## Extracted entries
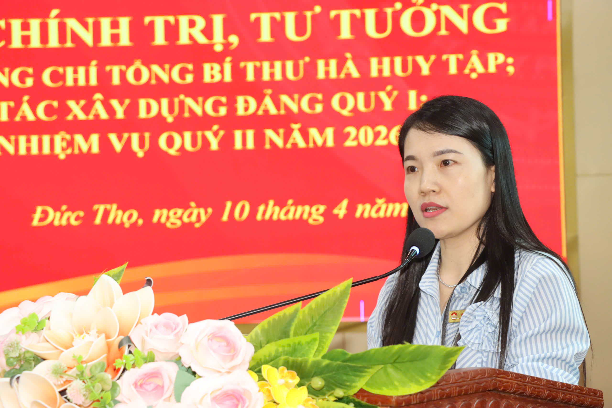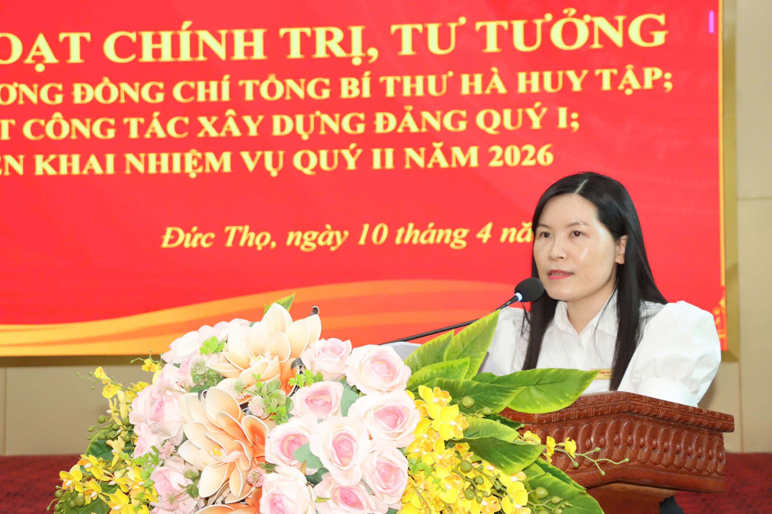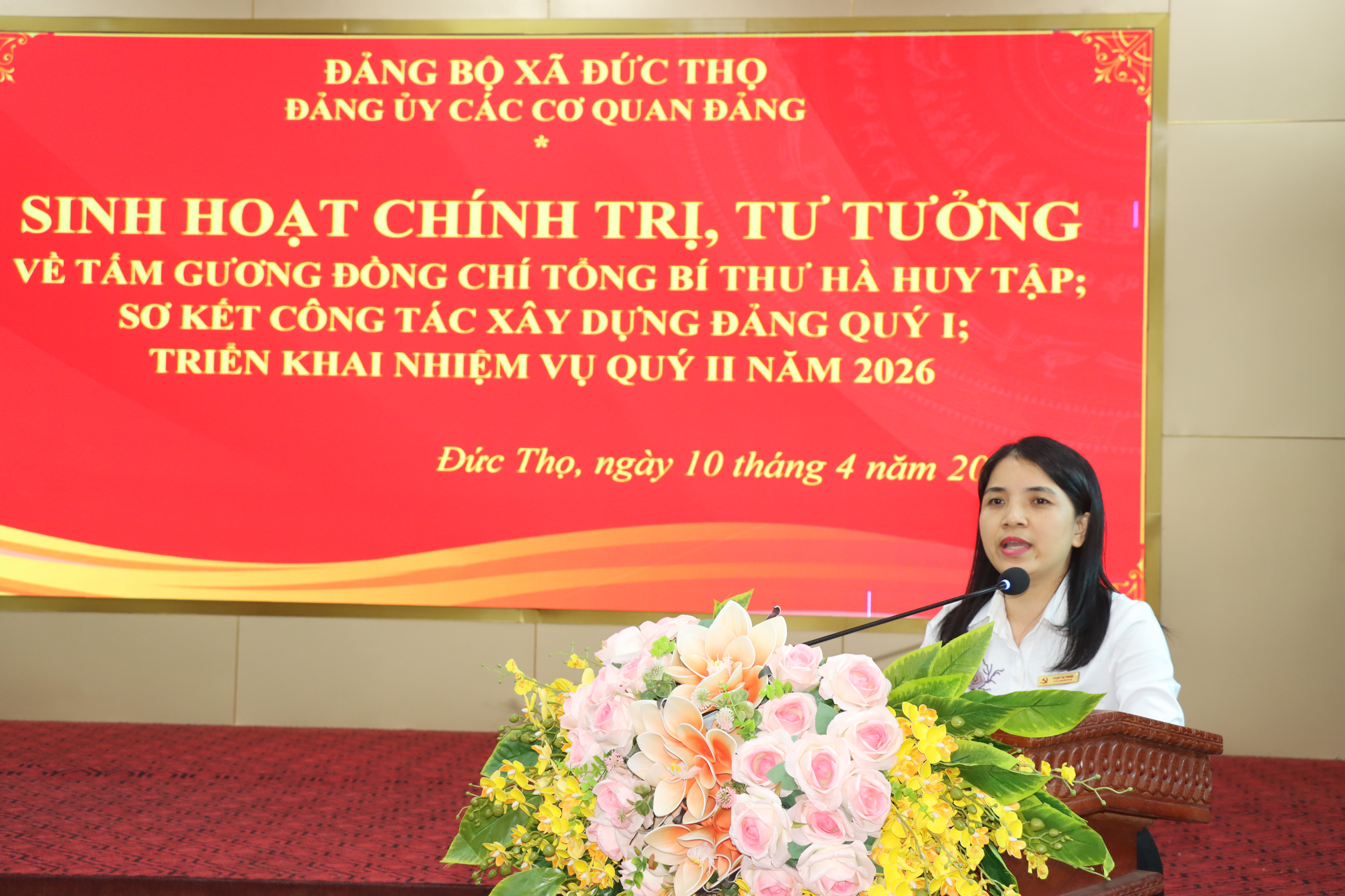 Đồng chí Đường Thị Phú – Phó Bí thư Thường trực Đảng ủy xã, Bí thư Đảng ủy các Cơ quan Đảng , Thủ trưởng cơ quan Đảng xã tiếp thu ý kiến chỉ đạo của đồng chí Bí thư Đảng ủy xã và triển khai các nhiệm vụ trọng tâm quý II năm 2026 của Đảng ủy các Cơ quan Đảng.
--
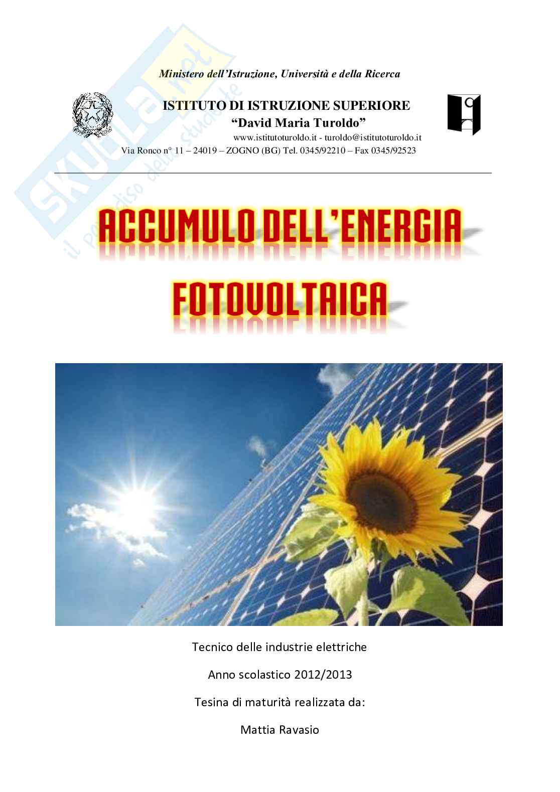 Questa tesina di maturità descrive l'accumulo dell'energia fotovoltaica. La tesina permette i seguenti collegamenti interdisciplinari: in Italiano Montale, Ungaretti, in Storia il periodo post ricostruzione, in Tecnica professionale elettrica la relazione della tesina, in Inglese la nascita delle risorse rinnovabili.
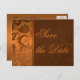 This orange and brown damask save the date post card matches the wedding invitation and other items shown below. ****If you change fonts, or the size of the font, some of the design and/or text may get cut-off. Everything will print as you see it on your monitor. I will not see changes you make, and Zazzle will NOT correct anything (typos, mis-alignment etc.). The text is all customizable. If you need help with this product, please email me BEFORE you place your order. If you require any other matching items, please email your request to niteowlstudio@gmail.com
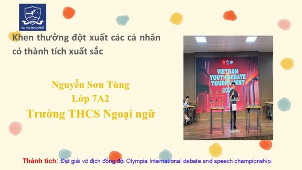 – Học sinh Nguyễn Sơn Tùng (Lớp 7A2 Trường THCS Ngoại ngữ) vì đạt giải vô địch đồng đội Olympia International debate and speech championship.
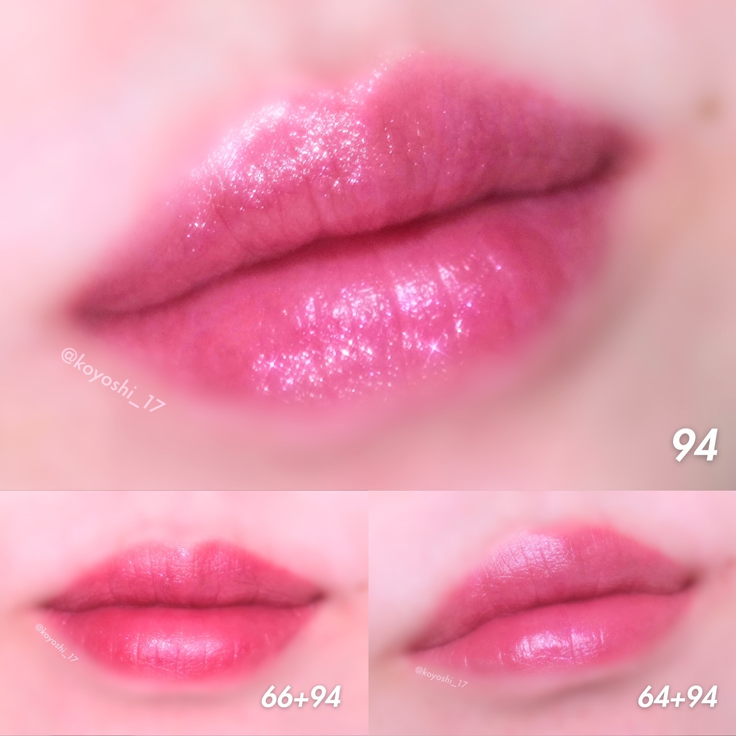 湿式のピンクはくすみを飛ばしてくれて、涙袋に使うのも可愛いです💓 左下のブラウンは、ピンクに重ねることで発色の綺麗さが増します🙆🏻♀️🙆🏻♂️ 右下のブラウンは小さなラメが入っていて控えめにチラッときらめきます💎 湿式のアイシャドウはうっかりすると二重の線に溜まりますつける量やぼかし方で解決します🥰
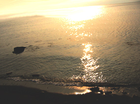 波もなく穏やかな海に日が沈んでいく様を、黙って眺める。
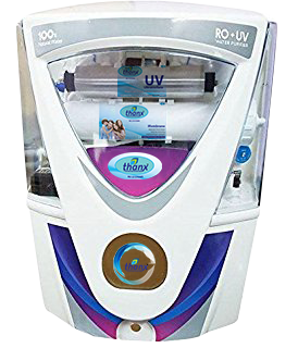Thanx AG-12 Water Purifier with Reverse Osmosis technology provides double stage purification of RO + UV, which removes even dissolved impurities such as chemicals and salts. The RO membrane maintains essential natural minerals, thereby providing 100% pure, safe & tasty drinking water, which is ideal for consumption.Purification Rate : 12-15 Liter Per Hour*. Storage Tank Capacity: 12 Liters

## Task requirements
Only one stretch of the listing above is to be duplicated: the lines from the one containing "and speech championship." through the one containing "Thanx AG-12 Water", both included. Copy them exactly, minus the pictures.

## Exercise solution
 – Học sinh Nguyễn Sơn Tùng (Lớp 7A2 Trường THCS Ngoại ngữ) vì đạt giải vô địch đồng đội Olympia International debate and speech championship.
 湿式のピンクはくすみを飛ばしてくれて、涙袋に使うのも可愛いです💓 左下のブラウンは、ピンクに重ねることで発色の綺麗さが増します🙆🏻♀️🙆🏻♂️ 右下のブラウンは小さなラメが入っていて控えめにチラッときらめきます💎 湿式のアイシャドウはうっかりすると二重の線に溜まりますつける量やぼかし方で解決します🥰
 波もなく穏やかな海に日が沈んでいく様を、黙って眺める。
Thanx AG-12 Water Purifier with Reverse Osmosis technology provides double stage purification of RO + UV, which removes even dissolved impurities such as chemicals and salts. The RO membrane maintains essential natural minerals, thereby providing 100% pure, safe & tasty drinking water, which is ideal for consumption.Purification Rate : 12-15 Liter Per Hour*. Storage Tank Capacity: 12 Liters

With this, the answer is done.